1. It cannot seriously be argued that a prospective juror in an arson case could remain neutral after hearing sworn testimony by another prospective juror to the effect that the defendant was reputed to be a firebug. If such knowledge was sufficient to authorize the disqualification of the panel member who made the statement, as the trial court evidently concluded, it was necessarily sufficient to require the disqualification of the others.

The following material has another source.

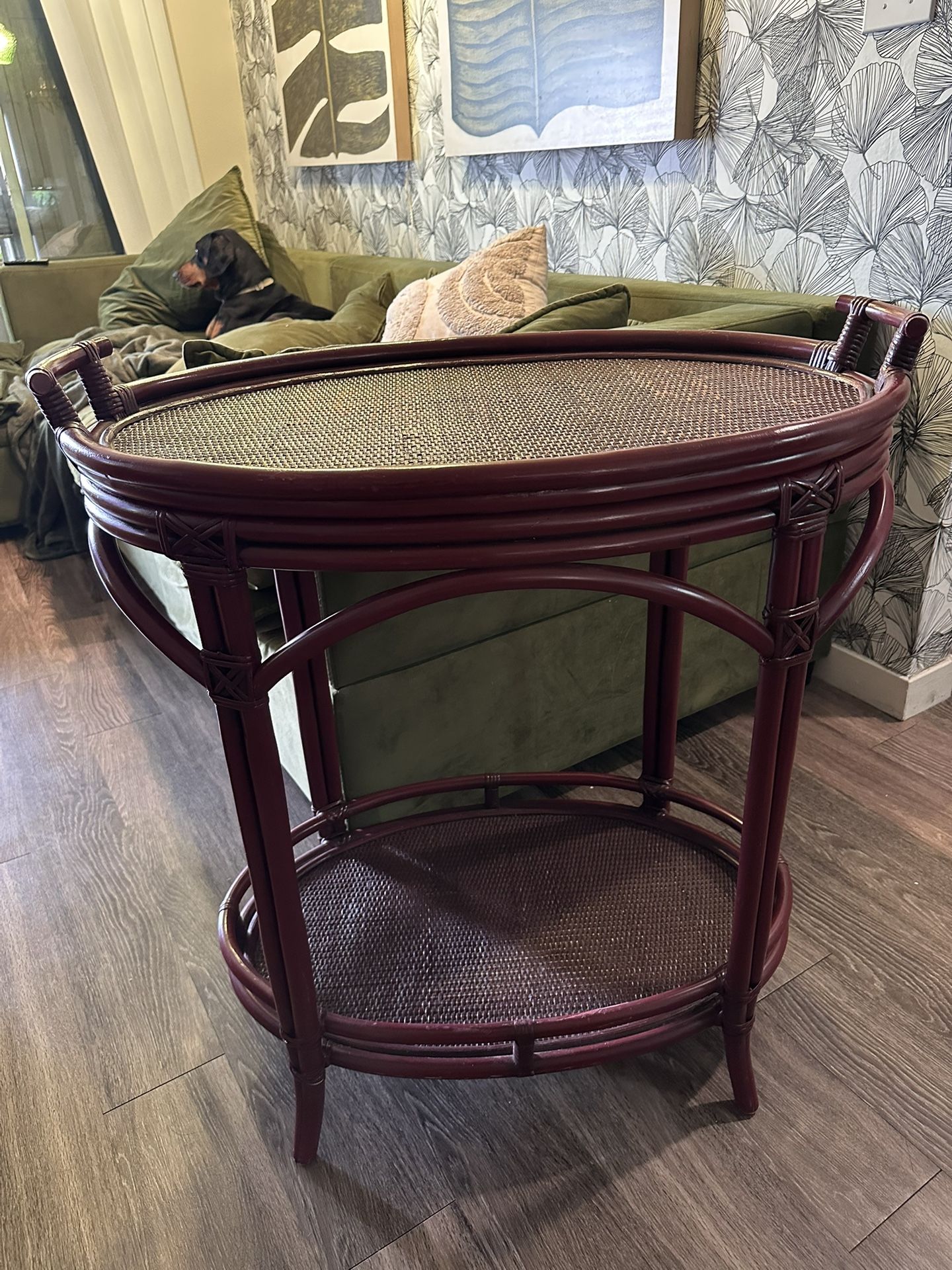 Gorgeous Vintage bamboo Bar table with removable top. This piece is stunning and adds style to any room. Some wear to the rattan on top. Unfortunately I no longer have space for it. 32ʺW × 20.5ʺD × 34ʺH
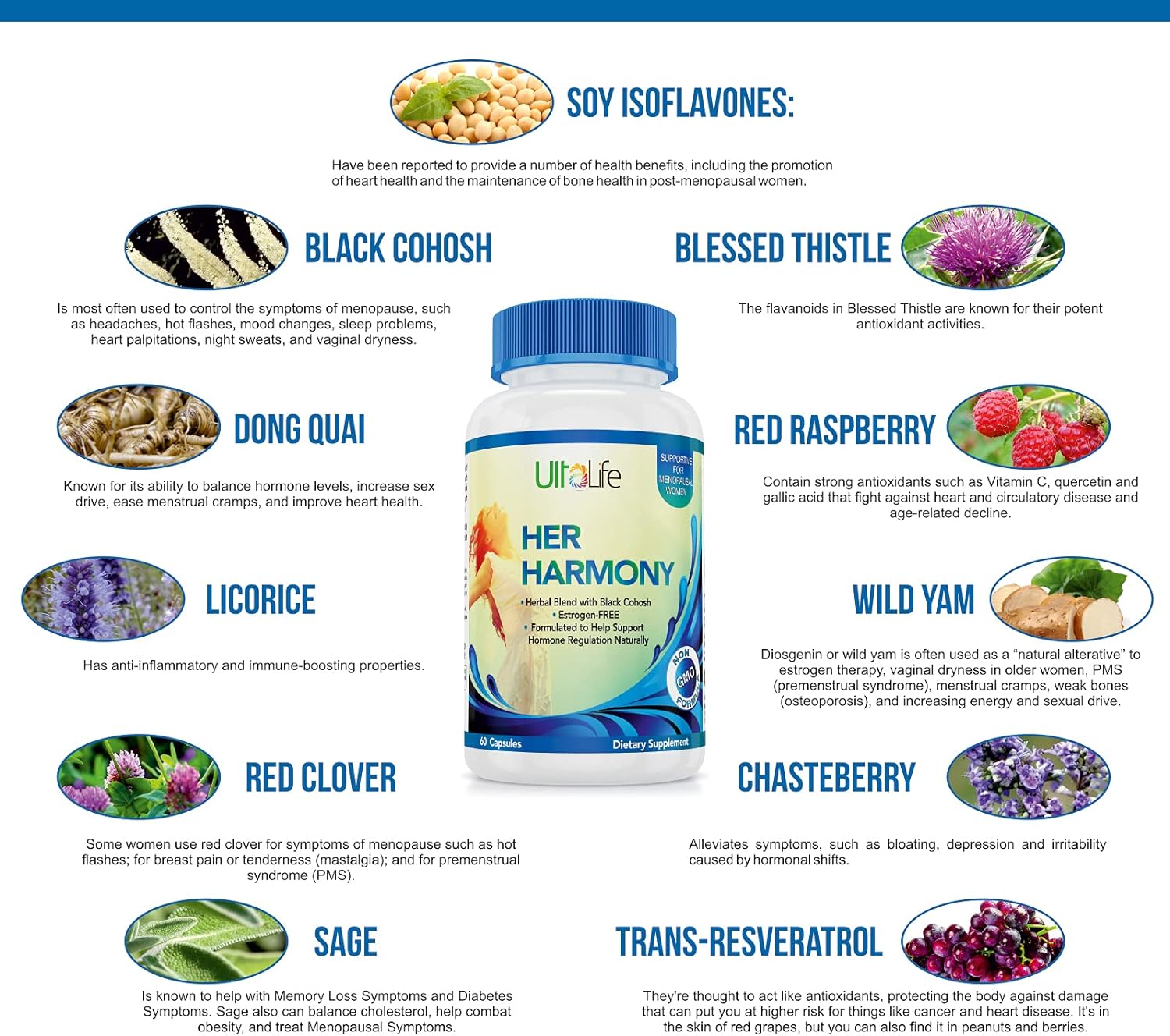 - All Natural Estrogen Free PMS Support - HER HARMONY womens supplements with natural herbs & ingredients - Black Cohosh, Dong Quai, Red Clover provide balancing support and relief for vaginal dryness, PMS & menopause symptoms. Designed to promote natural hormone balance estrogen replacement & overall female wellness. Detox your life from hot flashes & menopausal hormonal imbalances! Try our #1 best natural menopause support pill estrogen free supplement vitamins for women!

This court was faced with a very similar situation in Lingerfelt v. State, 147 Ga. App. 371 (1) (249 SE2d 100) (1978). The defendant in that case was on trial for breaking into a woman’s home and raping her. During voir dire, one of the prospective jurors stated, in the presence of the other prospective jurors, that he could not be impartial because he had heard several persons state that the accused was a peeping tom. The court held that such a statement was “inherently prejudicial and deprived the appellant of his right to begin his trial with a jury ‘free from even a suspicion of prejudgment or fixed opinion ... [a]nd this is true although the challenged jurors qualified by their answers to the usual questions propounded.’ [Cits.]” Id. at 373-374. We find Lingerfelt to be controlling on the facts before us now. The case further requires us to reject the state’s contention that defense counsel did not properly preserve the issue for appellate review because he failed to obtain a ruling on his challenge to the poll and because the motions for mistrial and for continuance were not proper methods of raising the challenge. The only motion made by defense counsel in Lingerfelt was for a mistrial. We held that this was equivalent to a challenge to the poll, stating[*94] that “where the relief sought in a motion is clear and it is shown that the accused is entitled to the relief, it is error to deny it on the basis of a mere defect in nomenclature.” Id. at 373.

Submitted September 4, 1980 Decided October 14, 1980. Charles L. Wilkinson, III, for appellant. Richard E. Allen, District Attorney, for appellee.

2. In view of the above ruling, it is unnecessary to address the appellant’s remaining enumeration of error. <

Judgment reversed.

McMurray, P. J., and Smith, J, concur.